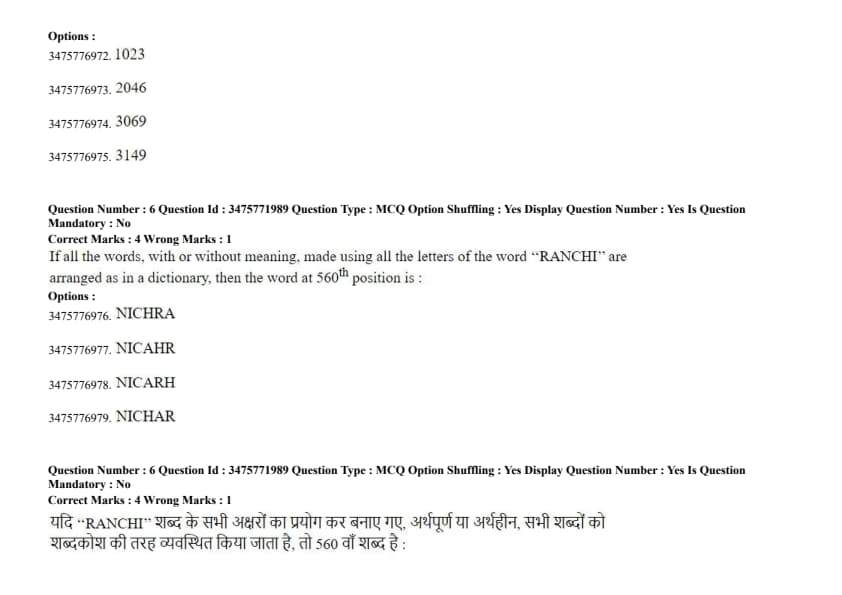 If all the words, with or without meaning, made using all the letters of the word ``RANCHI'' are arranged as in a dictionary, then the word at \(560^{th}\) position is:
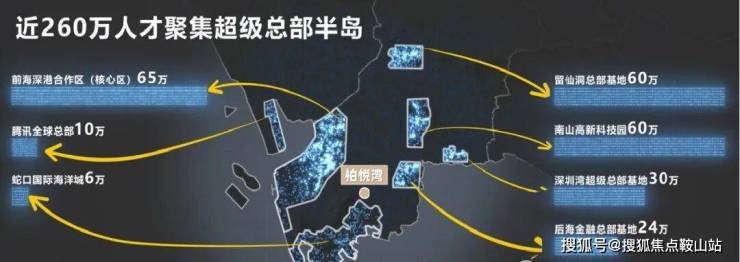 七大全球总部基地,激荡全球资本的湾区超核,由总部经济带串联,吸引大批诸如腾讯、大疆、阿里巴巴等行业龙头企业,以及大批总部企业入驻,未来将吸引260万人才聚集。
___
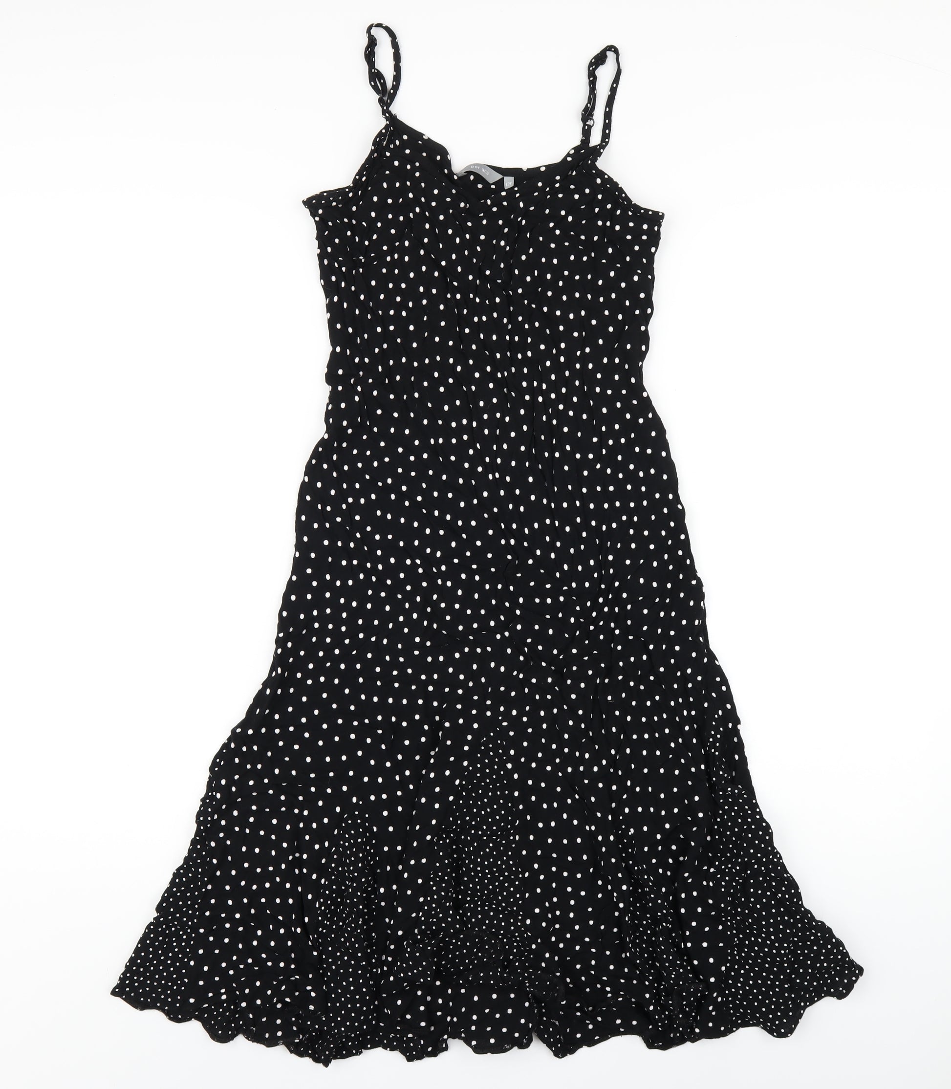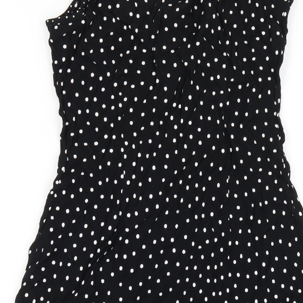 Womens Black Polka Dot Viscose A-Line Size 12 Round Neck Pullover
___
#### WHAT TO DO
Above are the records; please give again, exactly and in full, only the lines that run from the line with "If all the words, with" through the line with "七大全球总部基地,激荡全球资", with no pictures.

#### EXERCISE RESPONSE
 If all the words, with or without meaning, made using all the letters of the word ``RANCHI'' are arranged as in a dictionary, then the word at \(560^{th}\) position is:
 七大全球总部基地,激荡全球资本的湾区超核,由总部经济带串联,吸引大批诸如腾讯、大疆、阿里巴巴等行业龙头企业,以及大批总部企业入驻,未来将吸引260万人才聚集。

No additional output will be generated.